Сначала мне начистила рожу палата лордов, а потом надрала задницу палата общин. (Таки не уберег я ее.) А потом Королевский суд экстрадировал меня обратно в Путиславль, хотя никто моей выдачи не требовал. И по прошествии нескольких месяцев я вернулся в Путиславль. Прямо на какую-то свадьбу.
– What is? – спросил я начищенной рожей.
– Да свадьбу гуляем, батюшка, – ответил мне из-под стола какой-то боярин.
– Who is женится? – спросил я.
– Князь Михайло Липскеровский на княжне Лолите Путиславльской, – ответил боярин и заснул.
Я так и сел на надранную задницу. Сел и восхитился. Велик народ, несколько месяцев гуляющий свадьбу без жениха и невесты.

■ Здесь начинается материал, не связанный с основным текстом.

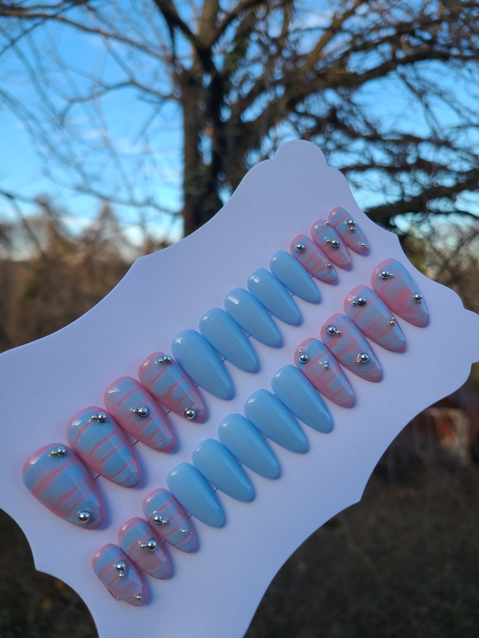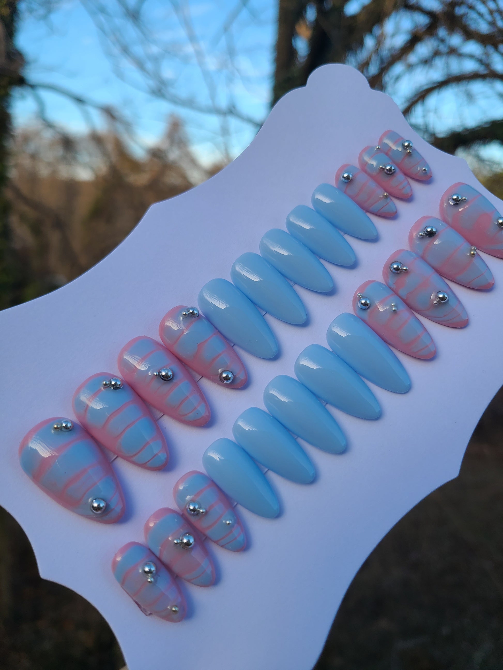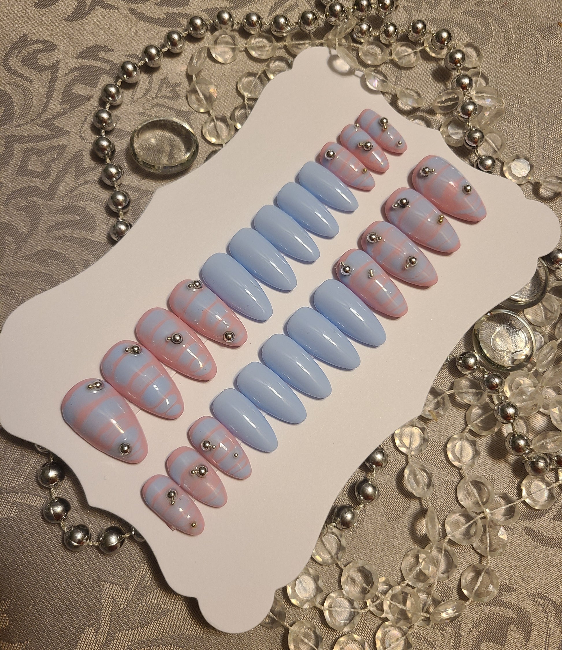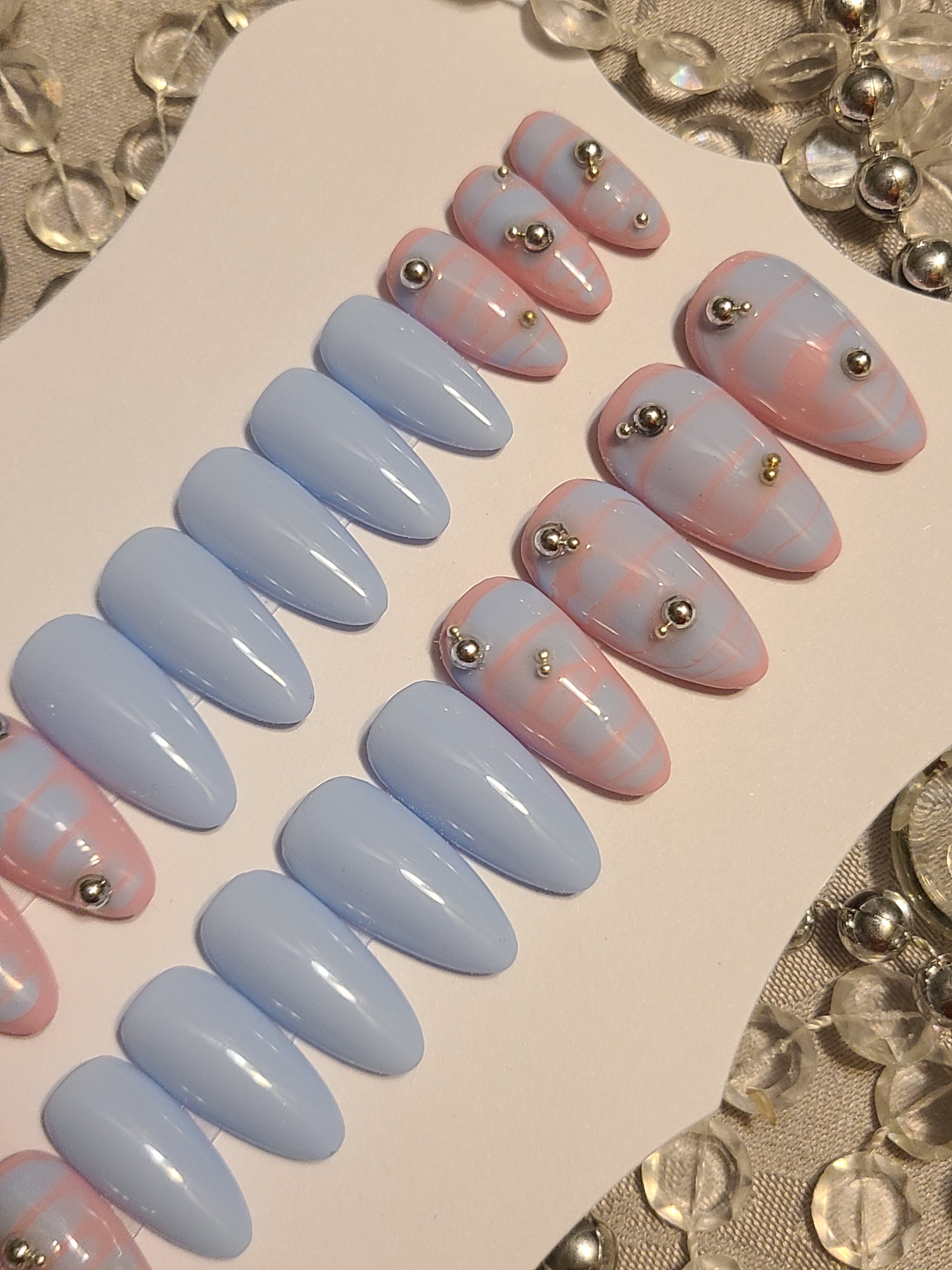 24 piece nail set sold as pictured. Features 3D silver chrome pearls.
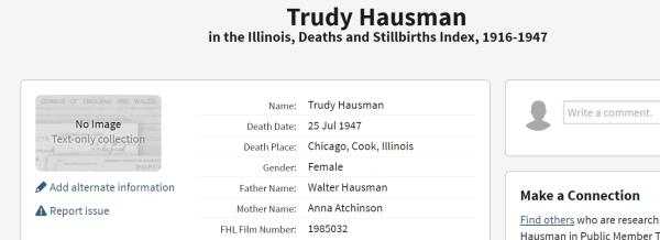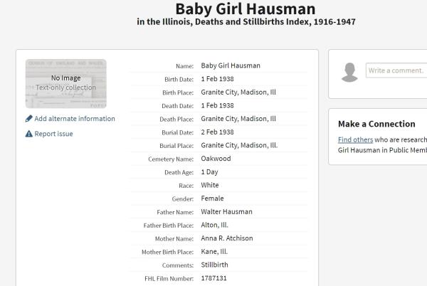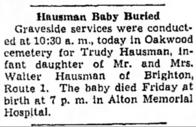 Trudy Hausman was born on July 25, 1947 in Alton, Madison, Illinois, USA. She died on July 25, 1947, at age 0, in Alton, Madison, Illinois, USA. She was buried in Oakwood Cemetery, Alton, Illinois.
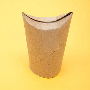 Faites deux plis dans l’extrémité haute du rouleau de papier toilette pour faire les oreilles. Fixez-les avec de l’adhésif.
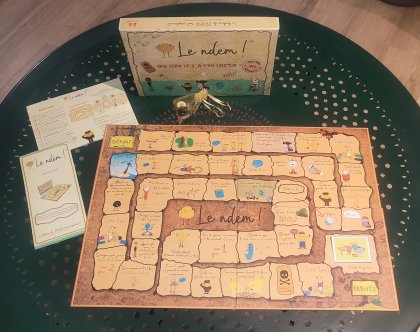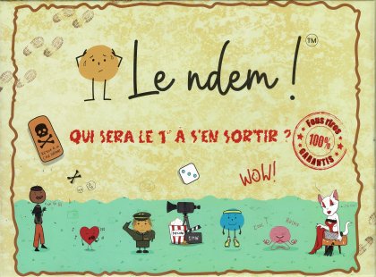 Ndem (nom masculin, camfranglais Conçu au Cameroun, Le Ndem ! est un jeu de parcours et d'ambiance où le plus important n'est pas de gagner mais de passer un bon moment ensemble, petits et grands. Le hasard du dé vous amène sur des cases qui imposent des gages variés : répéter une phrase imprononçable, faire un compliment, modifier les places des pions, mimer un hula hoop, faire un peu de gymnastique, etc.
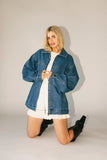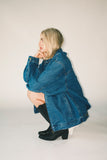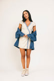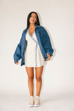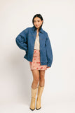 - denim // collared, working pockets, front zipper closure, drop shoulder, cuffed, distressing throughout

– А где Лолита? – спросил я у объявившегося Хаванагилы.
– Так в монастырь ушла. Куда ж ей без тебя, батюшка...
– В какой монастырь?
– Да в Астраханский. Но постриг пока не приняла. Торопись, батюшка.
И я поторопился. Кликнул Конька-Горбунка, вскочил на него, взвыл от боли, попав надранной задницей прямо на горб, взлетел выше облаков, летел недолго и небыстро приземлился у Астраханского женского монастыря. Монастырь уже догорал. И скоро на его месте осталась только груда камней...
– Что произошло? – спросил я у Хаванагилы.
– Степан Тимофеевич с казаками волю сюдое дать пришли. А воля, она без грабежей, пожаров и убийств не обходится.
– А монастырь при чем? Сестры Христовы при чем?
– А казаки Стенькины, притомившись от убийств и грабежей, чуть развлечься решили. Монашек как есть всех, от игуменьи престарелой до девчонок-послушниц, снасильничали, а потом в их САМОЕ бутыли с порохом затолкали и порох этот самый подожгли. Шутники. А там и монастырь подожгли. Хорошо погуляли! А потом покаялись, и попик ихний каждому отпущение грехов дал. Такие вот дела.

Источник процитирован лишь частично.